The same goes for the training room stuff. Don’t make it habit to hang out in there. If you weren’t doing a bunch of shoulder exercises, don’t start crushing those just because everyone else is. Do what make’s YOU perform at high level, and that’s it. More is the enemy in spring training. Optimal for you is the aim.
Solution – Cover all your bases to make sure you aren’t doing anything that will make your body hate you. Keep it a goal to maintain your mobility, strength, and conditioning levels, but don’t shoot to make gains anywhere unless it’s needed.
For instance, you might need to get your aerobic capacity up a bit, but don’t do it at a cost for on field performance. If running 20 sprints will get your conditioning level up, but hinder your body on the field, don’t do it. I understand that coaches will be in charge of telling you what to do, but auto regulate your own intensity and effort to keep your body feeling as fresh as possible.

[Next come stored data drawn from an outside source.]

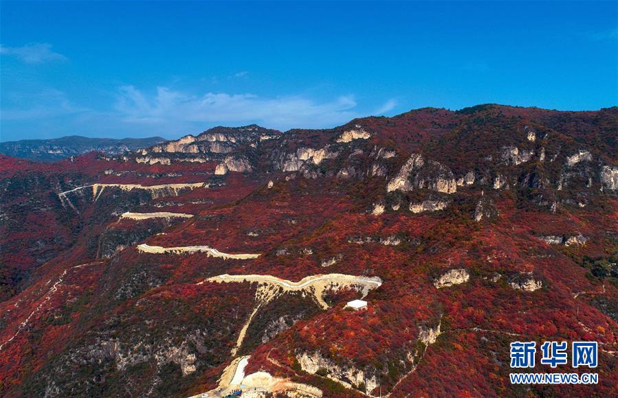 這是10月19日無人機拍攝的河北省涉縣太行紅葉大峽谷景色。新華社記者王曉攝
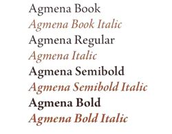 Montag 26. November 2012 - Linotype bietet die neue Agmena-Schriftfamilie in den vier Strichstärken Book, Regular, Semibold und Bold sowie den jeweiligen Italic-Varianten an. Zunächst hauptsächlich für den Werksatz vorgesehen, eignet sie sich durch ihre gute Lesbarkeit auch für die Darstellung kleiner Schrift beispielsweise auf Bildschirmen.
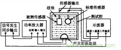 采用間接比較法測量傳感器的靈敏度,在聲場均勻的油腔內,距發射源相同距離處放置標準傳感器和被測傳感器,兩傳感器同時接收換能器發射的聲波信號,用示波器分別測量2只傳感器的輸出峰值電壓V標和V測,得到V標/V測=M標/M測,即
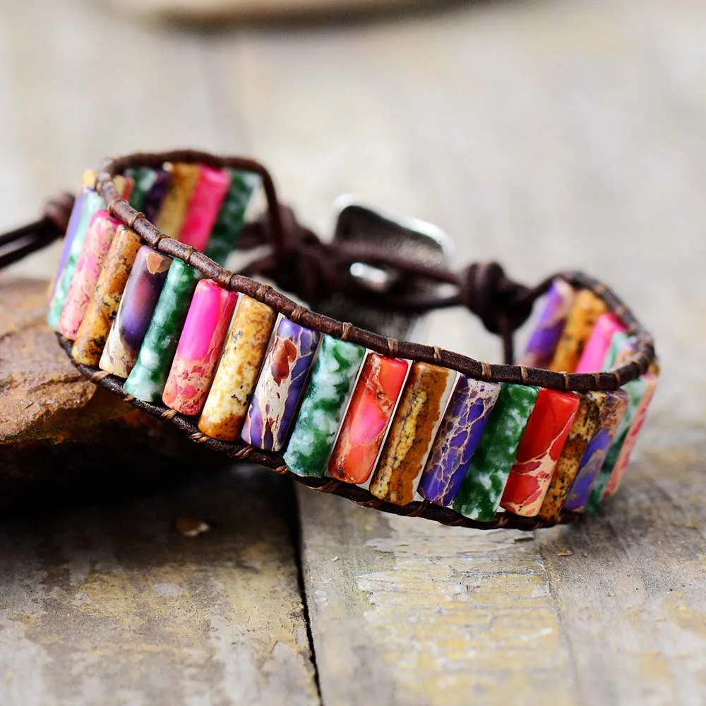 Boho Bracelet Tube Shape Natural Stone Single Leather Wrap Bracelet Semi Precious Stone Women Beaded Cuff Bracelet Dropship

Make sure also that you are eating just as well as the offseason, or at least to the best of your ability. Sometimes you’ll be on the field for hours on end, so the time at the hotel or away from the field is crucial for recovery and keeping the calories at the right level.
One of the worst things you can do is drastically change your body weight set point and lose performance. Wherever you feel best bodyweight wise, do whatever it takes to stay there.
These strategies are so crucial to keep in mind as you enter spring training or practice. I hope that you have prepared hard in the offseason, and continue to refine things in the spring.
This is NOT the time to try and get into shape.
It’s time to ramp slowly into game ready, season form. The only thing that matters is that you are healthy, feeling good, and performing at your best. The rest is eyewash. Cut out all the extra nonsense, and do whatever it takes to feel good everyday. For everyone, it’s completely different.
Remember, you don’t make the team on day one.